You ask some interesting questions. I've wondered the same things: How big a snake can blue heron manage to swallow? Isn't it a more aggressive (thus danger to the heron) prey to catch and begin to eat? And once eaten, is there a chance the snake could still do interior damage—or even escape?

The size/swallowing part is probably mostly limited by diameter and maybe weight than length. The bird his to lift and toss to get the head-end portion started, and a snake's weight is distributed along a long length. It's also flexible, so getting the end started is not that easy, sort of like trying to balance a rope. But once he gets it up, in, and going, that part is probably taken care of.

Nothing likes getting whacked and stabbed by a heron's sharp beak, and whatever it is is going to do its level best to fight back and escape. The snake in the photo surely tried. I suppose it very much depends on that initial surprise blow—how much it stuns or damages the prey. I've caught three or four herons over the years that I found tangled in fishing line along the streams I frequent. They are big and intimidating—at least they intimidated me—and I was mighty careful to get their head and that deadly beak under control ASAP! No question it could do a man damage. So I'd say given a well-aimed first shot, a hunting heron has half the battle won from the get-go—the prey hurt, addled, easier to keep whacking and banging until death. I'd also say it's a reasonable guess to think that occasionally things go wrong—the first surprise whack misses just a tad, isn't as damaging as hoped, or the intended victim is tougher, meaner, or somehow lucky. I will say though that I've watched herons here along the river catch and eat hundreds of fish, and don't know that I've ever seen one get away—and they're wiggling, and flopping, and fighting back as best they can. Herons are seriously efficient, deadly at their game.
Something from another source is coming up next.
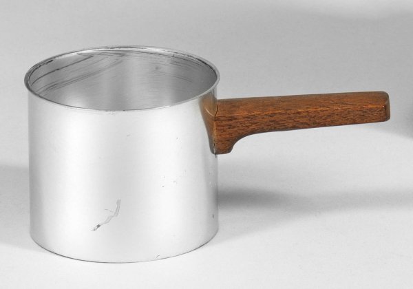 Design-Milchkännchen Neusilber, versilbert und Teakholz. Zylindrisch mit schmalem, ausgestelltem Rand und seitlich gekantetem, flachem Griff. Serie "Gerätegruppe m". Entw. Prof. Karl Dittert, 1960. Gem., Herstellerzeichen. H. 7 cm.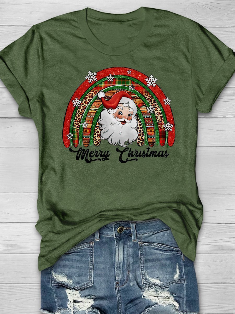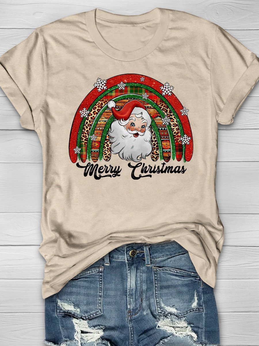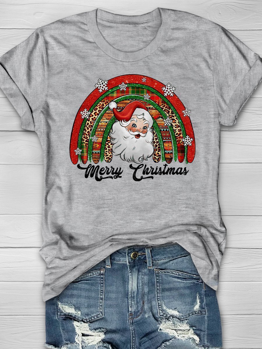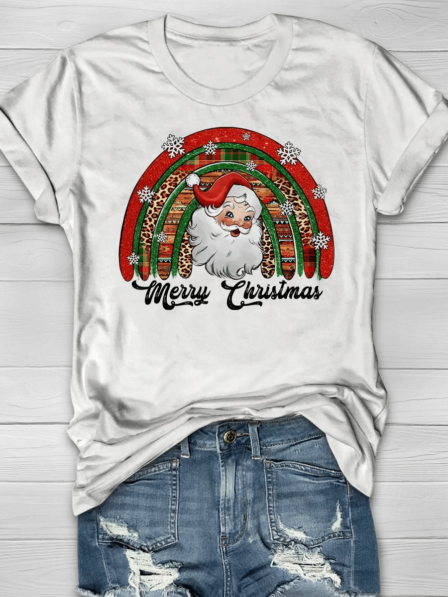 Merry Christmas Santa Snowflake Rainbow Print Short Sleeve T-Shirt

Once inside…well, if it wasn't dead or dying already, there's probably nasty digestive fluids doing their thing. I have watched what was obviously the visible under-the-feathers bulges of a just-swallowed fish as it flopped around inside a heron for several minutes afterwards, so it isn't an instant death deal. I guess the answer would be how "undead" the snake was, and possibly the type of snake. It would do its best to live for as long as possible, whatever that entailed. There would be almost no hope of escape. But no creature is going to give up until it can't fight any more, or is claimed by death. That's the way of the wild, of all life, and perhaps seems harsh but simply reflects reality.